Quanto guadagna un coltivatore diretto ogni anno in Italia

Il coltivatore diretto è un piccolo imprenditore agricolo. Possiede una partita IVA e un’azienda agricola, che gestisce da solo oppure con la sua famiglia, e a volte anche con alcuni dipendenti.

Si tratta di un lavoratore autonomo, che è impegnato nella coltivazione diretta di un terreno agricolo. In aggiunta, o in alternativa a questo, può dedicarsi all’allevamento degli animali o alla selvicoltura (cura e gestione del bosco, e ottenimento di prodotti dal bosco). In più, può anche svolgere mansioni connesse all’agricoltura.

Si differenzia dall’imprenditore agricolo professionale per determinate caratteristiche, ma come quest’ultimo può ottenere guadagni o perdite piuttosto variabili.

Quella del coltivatore diretto è una qualifica professionale

guadagno coltivatore direttoUn titolare di un’azienda agricola che vuole ottenere la qualifica di coltivatore diretto, così da appartenere anche al relativo regime previdenziale INPS, deve rispettare determinati requisiti:

  • Contribuire, di persona e/o con la sua famiglia, al fabbisogno lavorativo della sua azienda per almeno 1/3.
  • Lavorare di persona e/o con la sua famiglia nell’azienda agricola per un numero di giornate non inferiori a 104.
  • L’attività lavorativa nella sua azienda agricola deve risultare abituale e prevalente: deve occupargli la maggior parte del tempo lavorativo, e rappresentare la sua principale fonte di reddito da lavoro.

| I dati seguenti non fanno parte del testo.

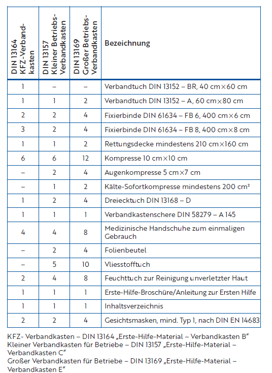 Die Verbandkästen für Betriebe unterscheiden sich in ihrem Inhalt von den Kfz-Verbandkästen. Die Inhalte der Verbandkästen nach Norm gibt die nachfolgende Liste wieder.
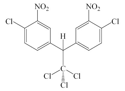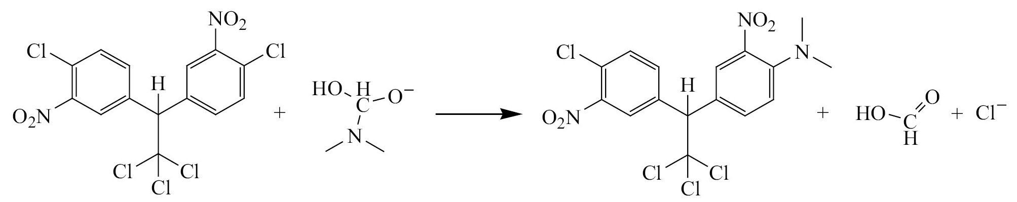 Однако, проведенные препаративные исследования не дают возможности однозначно определить последовательность протекания реакций. Нуклеофильное замещение атомов хлора на диметиламиногруппы может быть реализовано как для 2,2-ди(3-нитро-4-хлорфенил)-1,1,1-трихлорэтана, так и для продукта реакции дегидрохлорирования - 2,2-ди(3-нитро-4-хлорфенил)-1,1-дихлорэтена.
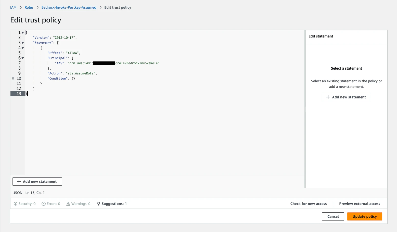 Once the role is created, open the role and navigate to the Trust relationships tab and click Edit trust policy. This is where you will add the Portkey AWS account as a trusted entity.Portkey Account ARN
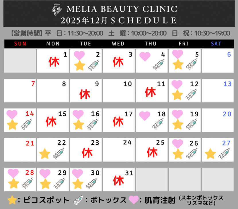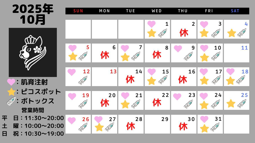 10月休診日のお知らせ 営業時間:平日 11:30〜20:00/土曜 10:00〜20:00/日祝 10:30〜19:00 🩷:肌育注射施術可能日 :ピコスポット施術可能日 💉:ボトックス施術可能日 11月休診日のお知らせ 次の記事
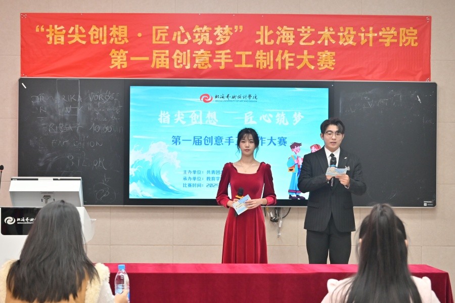 为进一步提高学生实践创新能力,推动传统手工艺技艺与现代设计思维深度融合,搭建青年学子艺术才华展示与竞技平台,11月21日,由共青团北海艺术设计学院委员会主办,教育学院承办的“指尖创想 匠心筑梦”北海艺术设计学院第一届创意手工制作大赛决赛在西校区图书馆506智慧教室顺利举行。教育学院院长熊秀峰、副院长周劲志,书法学院副院长李家琪及各二级学院分团委书记出席决赛现场。美术学院创新创业工作负责人韩洋、教育学院教师张雨悦、马克思主义学院教师张鸿悦应邀担任决赛评委。
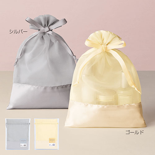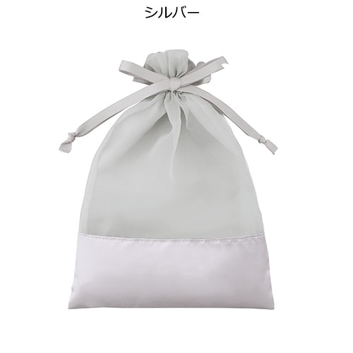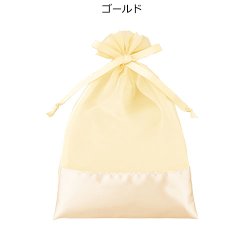 サテンとオーガンジーを組み合わせた、エレガントな異素材MIXがお洒落なギフト巾着。程よい透け感で中身をさりげなくアピールでき、ノベルティやギフトにも最適なアイテムです。
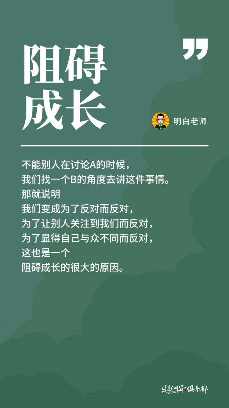 当然这个点放到我们自己身上,我们也不能用这种思维去讨论别人问题。不能别人在讨论A,我们找一个B的角度去讲这件事情。那就说明我们也会变成为了反对而反对,为了让别人关注到我们而反对,为了显得自己与众不同而反对,这也是一个阻碍成长的很大的原因。
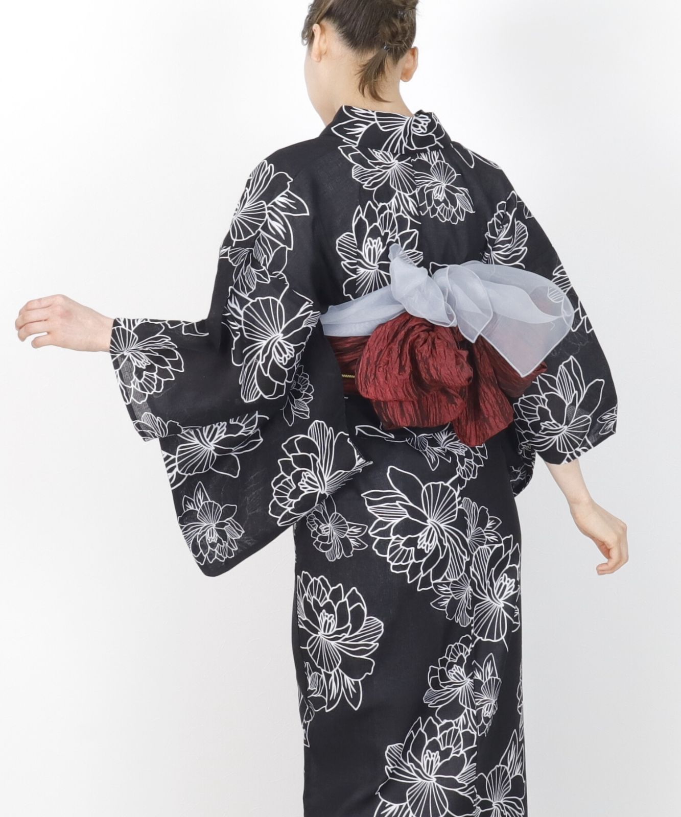 F 糸目牡丹ブラック 簡単 1人で着れる綿 セパレート浴衣2点セット 二部式浴衣 帯 セパレート浴衣 浴衣セット 夏着物 綿 レディース 二部式 セパレート イイネの検索結果
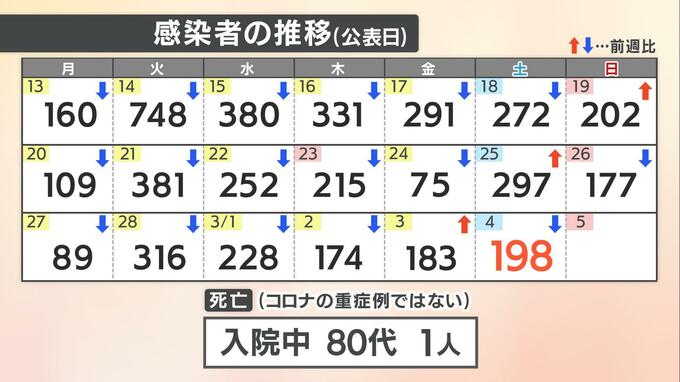 新型コロナウイルスの感染状況です。愛媛県が4日に発表した新たな感染者は198人で、80代の入院患者1人の死亡も公表されました。新型コロナの重症例ではないということです。医療圏域別では、松山市とそ…
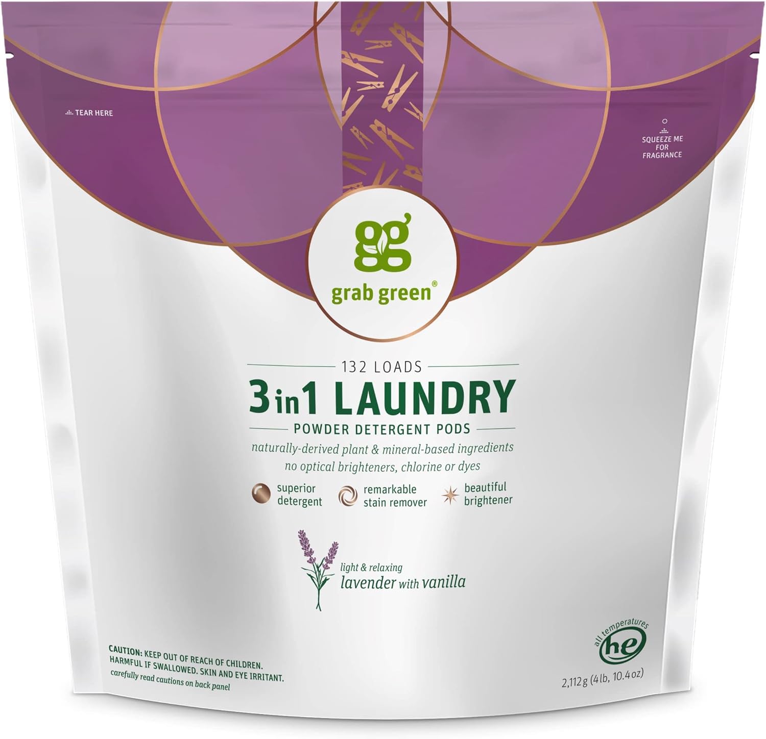 - Contains: 1- 132 Pod Bag of Grab Green Natural Lavender with Vanilla 3in1 Laundry Detergent Pods. Our velcro closure bags are convenient and easy to use, no hassling with frustrating zip closures

Pertanto, in relazione all’ultimo punto, se il titolare dell’azienda agricola esercita più attività lavorative, quella nella sua azienda agricola deve per forza essere prevalente in termini di tempo e guadagno, se desidera appunto essere riconosciuto piccolo imprenditore agricolo.

Rispetto all’IAP (imprenditore agricolo professionale) il piccolo imprenditore agricolo ha un unico ma importante vantaggio: il diritto di prelazione sul terreno che utilizza in affitto.

Un imprenditore agricolo può infatti lavorare su delle proprietà sue, oppure prese in affitto, o anche in comodato (cioè a titolo gratuito per un certo periodo di tempo).

Ebbene: se il coltivatore diretto rispetta determinati requisiti, ha il diritto rispetto a qualsiasi altro soggetto di comprare il terreno che sta già usando, qualora fosse messo in vendita e non risultasse oggetto di: donazione, permuta, vendita forzata, liquidazione coatta, o di fallimento ed espropriazione per la pubblica utilità.

I requisiti che gli possono dare tale diritto sono i seguenti:

  • Deve risultare utilizzatore del terreno in affitto da almeno 2 anni.
  • Nel caso abbia già altre proprietà, il terreno che desidera comprare non deve risultare superiore al triplo della capacità lavorativa sua e della propria famiglia.

Il guadagno di un coltivatore diretto

Il coltivatore diretto, tramite la sua azienda può ottenere dei guadagni ma anche delle perdite.

Non si può in alcun modo rispondere in modo secco alla domanda su quanto possa guadagnare periodicamente questa figura professionale, perché le variabili in gioco sono davvero troppe. Inoltre, la vastità della definizione di attività agricole complica ulteriormente le cose.

Tuttavia, vale la pena porre in evidenza che solitamente le aziende agricole che ottengono i risultati migliori in termini di utili: non dipendono dalla grande distribuzione (vendono anche direttamente al consumatore finale), possiedono dei prodotti di nicchia di qualità, si associano formando un cartello comune per essere più forti insieme, e per fare concorrenza ai propri competitor non usano prezzi al ribasso.